- **Directions**
In the records below, repeat exactly the lines between the line holding "De tre klassiske" and the line holding "The one-page application", inclusive, and drop the pictures.

- **Provided entries**
□ □ □ □ □
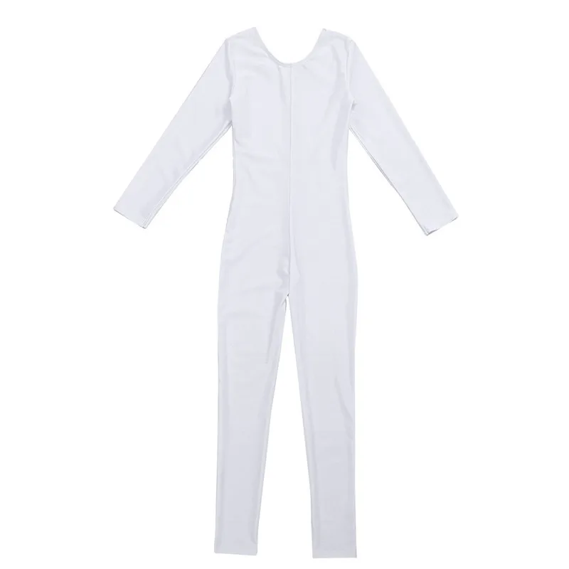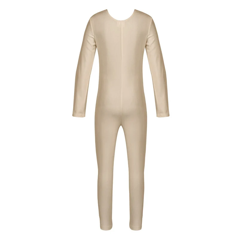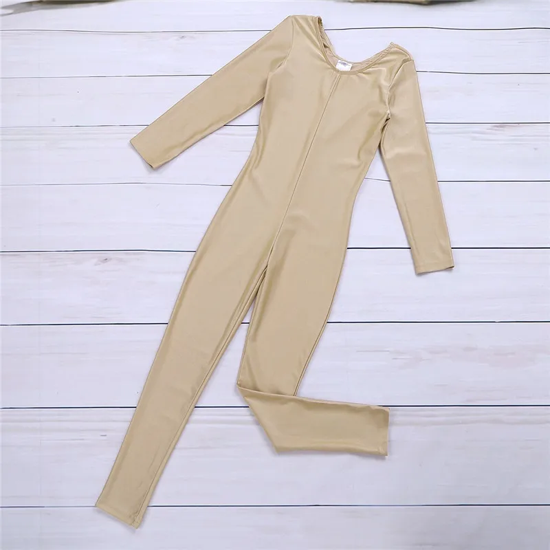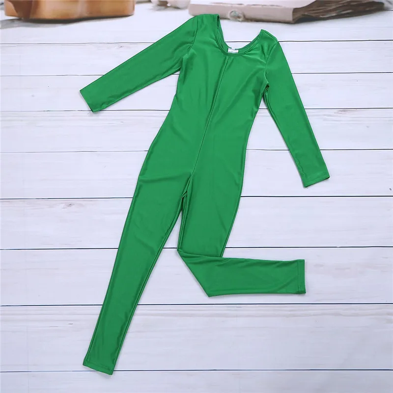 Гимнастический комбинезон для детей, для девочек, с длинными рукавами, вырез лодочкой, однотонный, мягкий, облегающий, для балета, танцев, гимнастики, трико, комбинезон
□ □ □ □ □
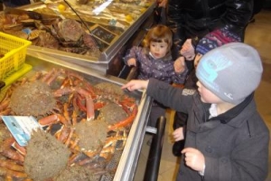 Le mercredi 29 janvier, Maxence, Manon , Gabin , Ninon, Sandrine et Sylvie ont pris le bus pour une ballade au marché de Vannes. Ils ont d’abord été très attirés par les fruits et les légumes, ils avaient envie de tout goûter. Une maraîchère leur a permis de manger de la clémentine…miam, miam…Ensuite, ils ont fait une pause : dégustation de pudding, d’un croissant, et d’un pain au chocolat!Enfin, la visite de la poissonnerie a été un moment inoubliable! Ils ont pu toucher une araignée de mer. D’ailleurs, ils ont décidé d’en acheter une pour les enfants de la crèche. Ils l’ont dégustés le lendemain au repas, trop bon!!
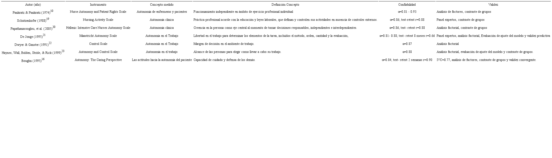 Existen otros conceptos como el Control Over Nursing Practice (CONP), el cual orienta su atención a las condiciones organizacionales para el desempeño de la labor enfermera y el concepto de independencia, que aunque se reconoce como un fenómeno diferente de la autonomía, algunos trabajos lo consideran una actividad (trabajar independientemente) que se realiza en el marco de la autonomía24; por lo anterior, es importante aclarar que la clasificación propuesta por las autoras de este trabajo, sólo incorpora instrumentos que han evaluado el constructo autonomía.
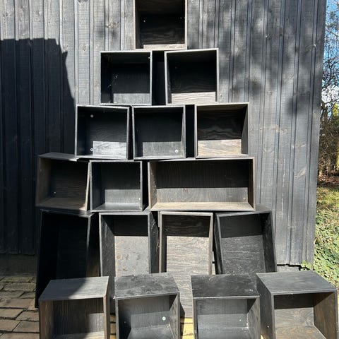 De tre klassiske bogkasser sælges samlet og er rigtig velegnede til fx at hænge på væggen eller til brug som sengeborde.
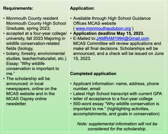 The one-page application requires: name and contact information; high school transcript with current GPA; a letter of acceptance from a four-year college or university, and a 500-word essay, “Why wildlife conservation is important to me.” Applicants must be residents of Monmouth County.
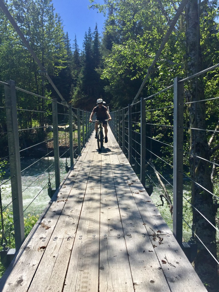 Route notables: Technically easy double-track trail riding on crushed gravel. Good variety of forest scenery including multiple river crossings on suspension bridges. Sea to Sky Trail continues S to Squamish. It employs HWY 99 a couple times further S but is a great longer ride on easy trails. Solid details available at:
□ □ □ □ □
- **Response below**
 De tre klassiske bogkasser sælges samlet og er rigtig velegnede til fx at hænge på væggen eller til brug som sengeborde.
 The one-page application requires: name and contact information; high school transcript with current GPA; a letter of acceptance from a four-year college or university, and a 500-word essay, “Why wildlife conservation is important to me.” Applicants must be residents of Monmouth County.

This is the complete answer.